> SUPPLIED MATERIAL
━━━━━━━━━━━━━━━━━━━━━━━━━━━━━━
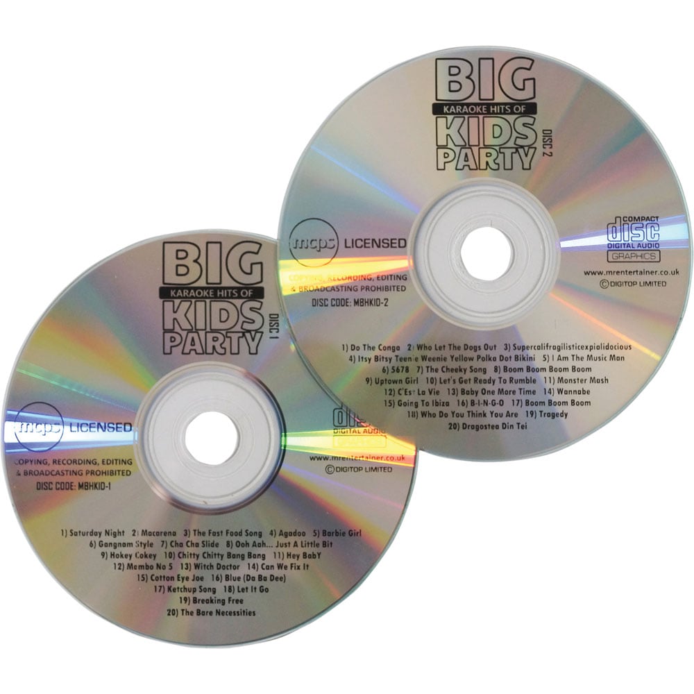 Sing along to popular numbers with this Mr Entertainer Kids Party Karaoke CDG disk in classic silver. The double CDGs offer 40 tracks with a diverse selection of big hits from a range of musical styles and genres. Suitable for use with most karaoke machines, it is perfect for a party for the little ones.
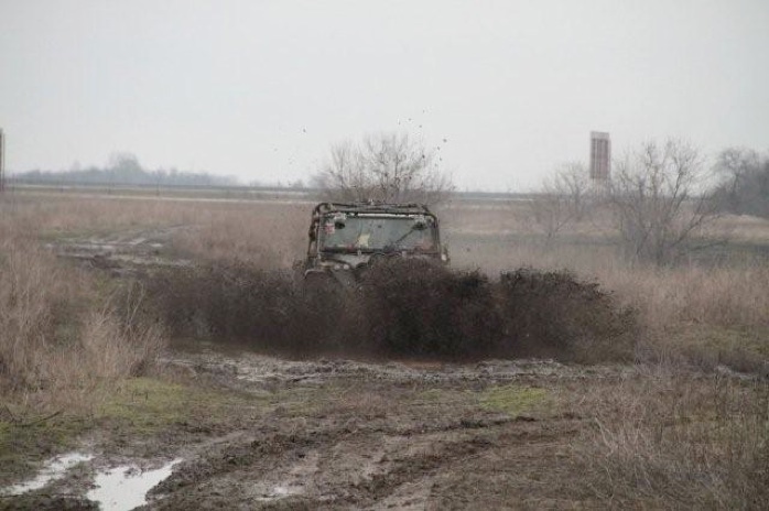 A korán leadott jelentkezésnek hála 5.-nek indulhattunk el a rajtkor. Néhány km után értünk a Gyuris tereptanyára, ahol az első speciál feladat volt. Szvsz ez a spec inkább TKP-nak kellett volna lennie, hisz csak egy vizes gödör volt, ahonnét mindenknek ki kellett magát csörlőznie - mindegy...
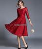 Sukienka koronkowa plus size rozkloszowana z rękawem trzy czwarte - Styl europejski i amerykański, dopasowana, na wiosnę i jesień
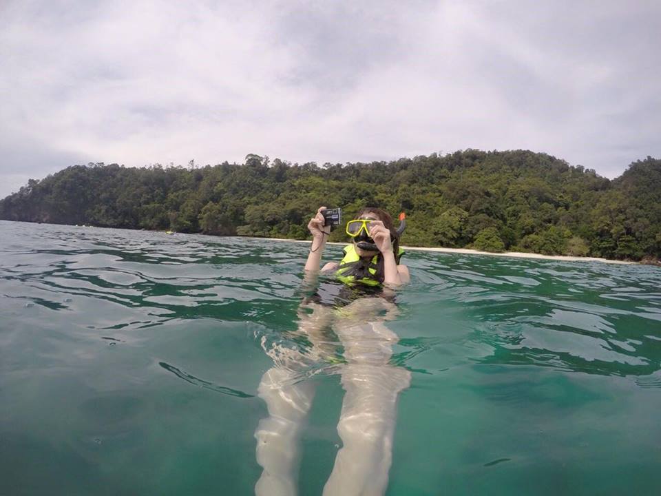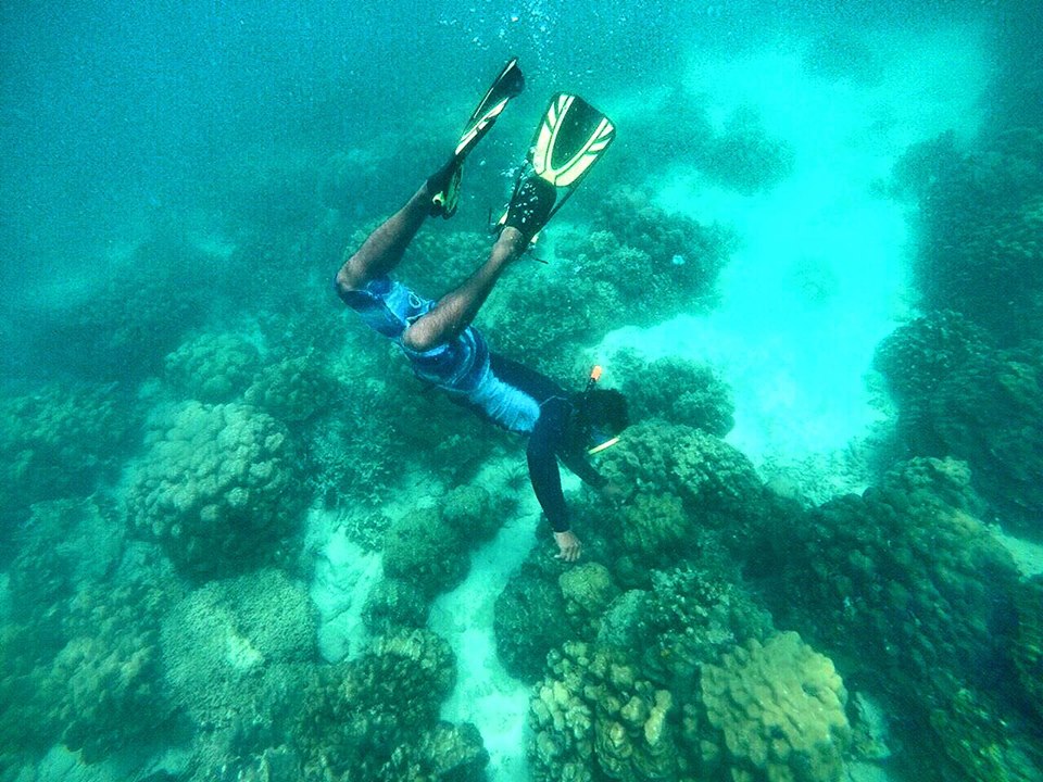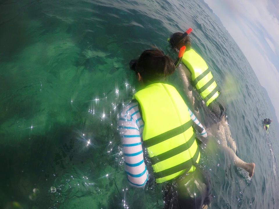 เพราะใกล้ๆฝั่งมีแต่ปะการังที่ตายแล้ว ก็ต้องใส่ชูชีพ กระโดดน้ำตุ๋มลงไปเลย
━━━━━━━━━━━━━━━━━━━━━━━━━━━━━━
> EXERCISE OBJECTIVE
Would you transcribe the listing above line by line, exactly, leaving every picture out?

> EXERCISE RESPONSE
 Sing along to popular numbers with this Mr Entertainer Kids Party Karaoke CDG disk in classic silver. The double CDGs offer 40 tracks with a diverse selection of big hits from a range of musical styles and genres. Suitable for use with most karaoke machines, it is perfect for a party for the little ones.
 A korán leadott jelentkezésnek hála 5.-nek indulhattunk el a rajtkor. Néhány km után értünk a Gyuris tereptanyára, ahol az első speciál feladat volt. Szvsz ez a spec inkább TKP-nak kellett volna lennie, hisz csak egy vizes gödör volt, ahonnét mindenknek ki kellett magát csörlőznie - mindegy...
 Sukienka koronkowa plus size rozkloszowana z rękawem trzy czwarte - Styl europejski i amerykański, dopasowana, na wiosnę i jesień
 เพราะใกล้ๆฝั่งมีแต่ปะการังที่ตายแล้ว ก็ต้องใส่ชูชีพ กระโดดน้ำตุ๋มลงไปเลย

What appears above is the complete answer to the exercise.